> _Source material_:
= Beginning of Section =
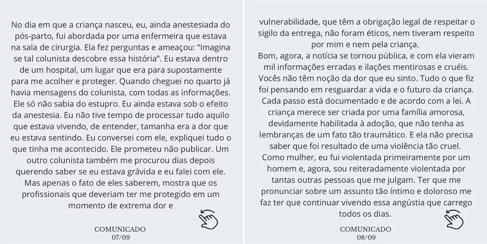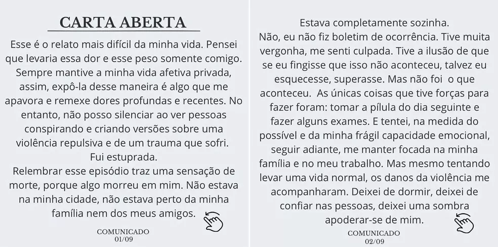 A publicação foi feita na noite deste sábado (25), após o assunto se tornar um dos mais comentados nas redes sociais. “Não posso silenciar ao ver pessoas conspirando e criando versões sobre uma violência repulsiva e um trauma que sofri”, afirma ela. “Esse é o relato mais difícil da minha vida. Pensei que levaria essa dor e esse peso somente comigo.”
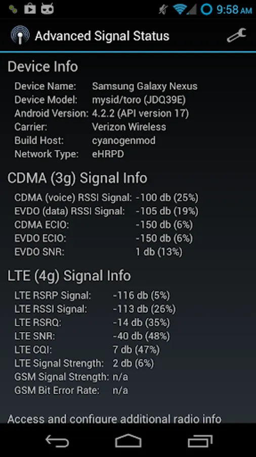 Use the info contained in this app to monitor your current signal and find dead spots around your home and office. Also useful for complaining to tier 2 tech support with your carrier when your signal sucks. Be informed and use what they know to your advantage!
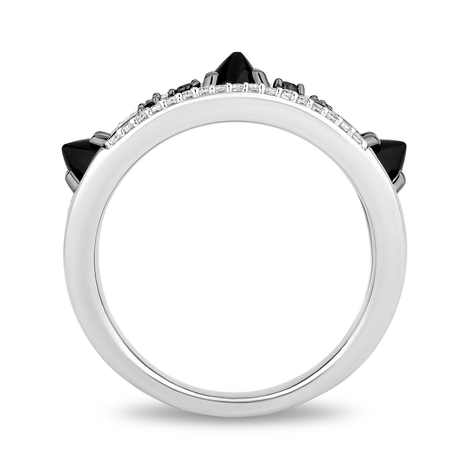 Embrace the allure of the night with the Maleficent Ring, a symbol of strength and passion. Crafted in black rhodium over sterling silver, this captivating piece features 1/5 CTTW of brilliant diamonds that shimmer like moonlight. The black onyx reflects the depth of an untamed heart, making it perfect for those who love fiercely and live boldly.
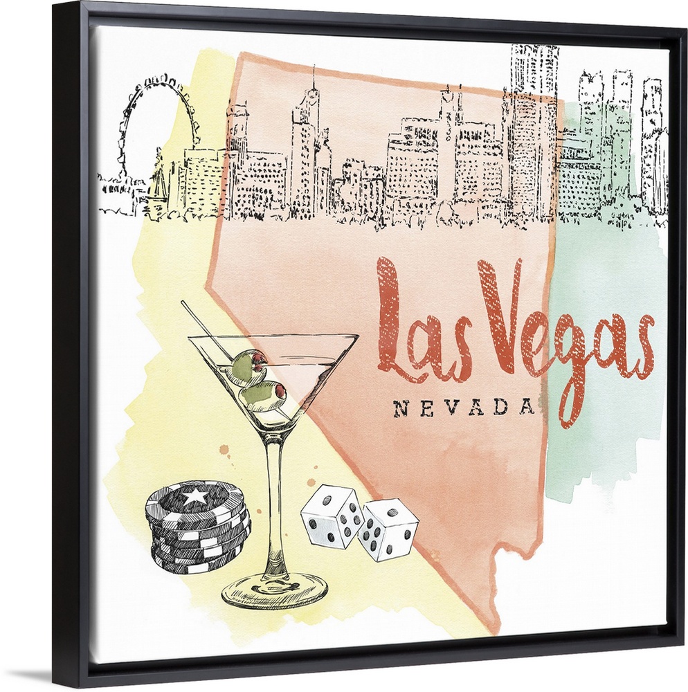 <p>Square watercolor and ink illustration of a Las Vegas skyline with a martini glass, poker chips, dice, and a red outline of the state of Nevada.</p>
= End of Section =
= Beginning of Section =
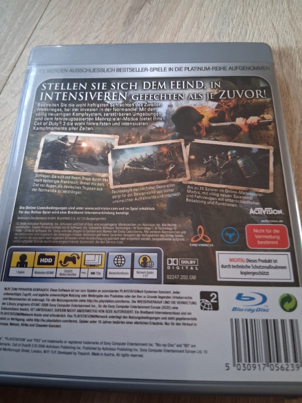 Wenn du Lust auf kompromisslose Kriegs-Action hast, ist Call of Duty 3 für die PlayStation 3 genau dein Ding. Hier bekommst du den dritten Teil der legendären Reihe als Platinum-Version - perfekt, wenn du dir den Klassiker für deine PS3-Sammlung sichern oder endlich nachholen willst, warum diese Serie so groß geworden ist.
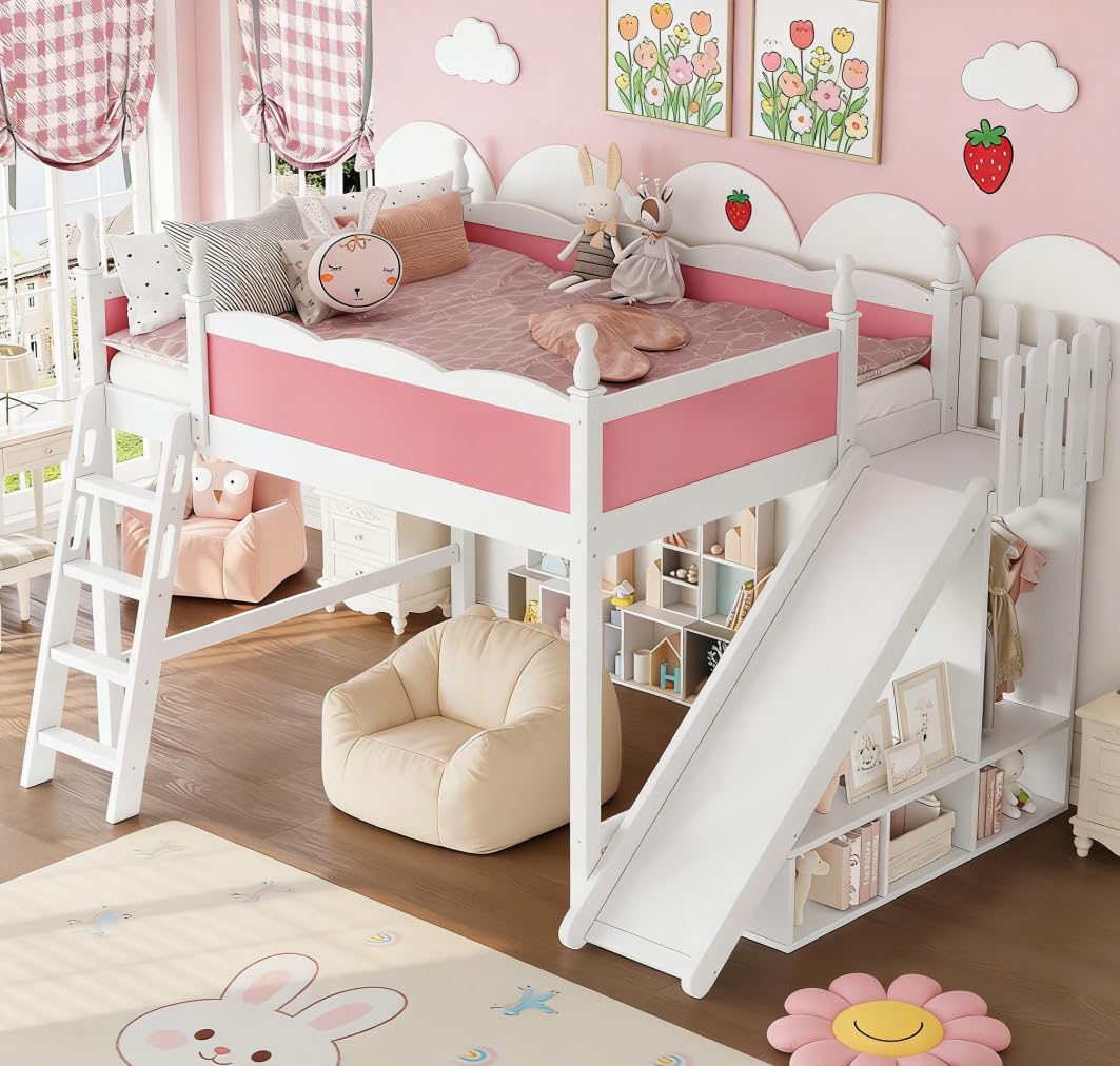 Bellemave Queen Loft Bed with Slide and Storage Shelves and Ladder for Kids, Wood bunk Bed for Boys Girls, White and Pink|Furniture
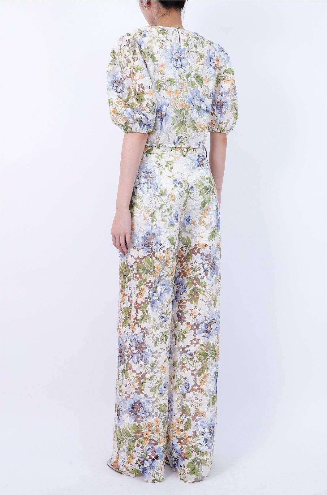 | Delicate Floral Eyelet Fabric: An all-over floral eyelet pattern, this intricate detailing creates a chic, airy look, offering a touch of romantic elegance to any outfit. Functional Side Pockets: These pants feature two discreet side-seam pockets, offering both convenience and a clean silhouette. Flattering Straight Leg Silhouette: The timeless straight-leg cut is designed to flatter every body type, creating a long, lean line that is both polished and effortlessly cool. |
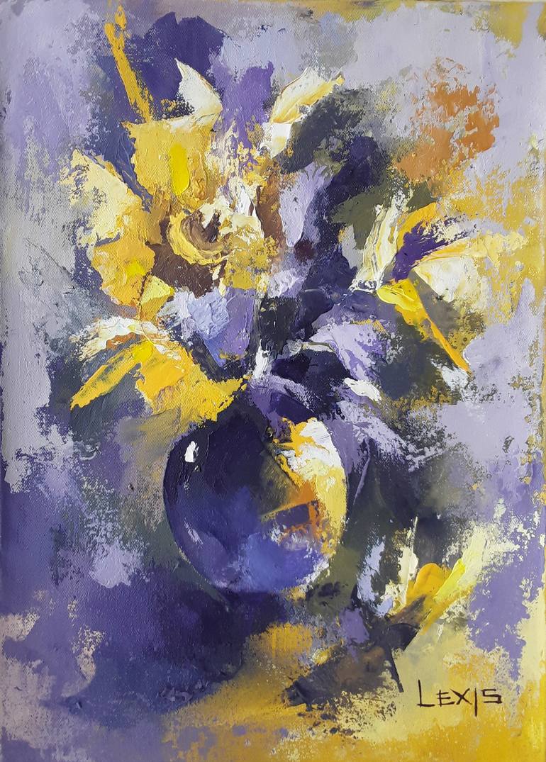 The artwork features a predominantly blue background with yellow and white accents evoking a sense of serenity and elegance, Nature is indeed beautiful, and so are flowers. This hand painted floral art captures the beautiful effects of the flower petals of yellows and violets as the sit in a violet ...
= End of Section =
> _Exercise description_: When you reach the line with "Bellemave Queen Loft" in the records above, start writing out each line exactly, and stop after the line with "effortlessly cool. |". Pictures stay out.

> _Result of the exercise_:
 Bellemave Queen Loft Bed with Slide and Storage Shelves and Ladder for Kids, Wood bunk Bed for Boys Girls, White and Pink|Furniture
 | Delicate Floral Eyelet Fabric: An all-over floral eyelet pattern, this intricate detailing creates a chic, airy look, offering a touch of romantic elegance to any outfit. Functional Side Pockets: These pants feature two discreet side-seam pockets, offering both convenience and a clean silhouette. Flattering Straight Leg Silhouette: The timeless straight-leg cut is designed to flatter every body type, creating a long, lean line that is both polished and effortlessly cool. |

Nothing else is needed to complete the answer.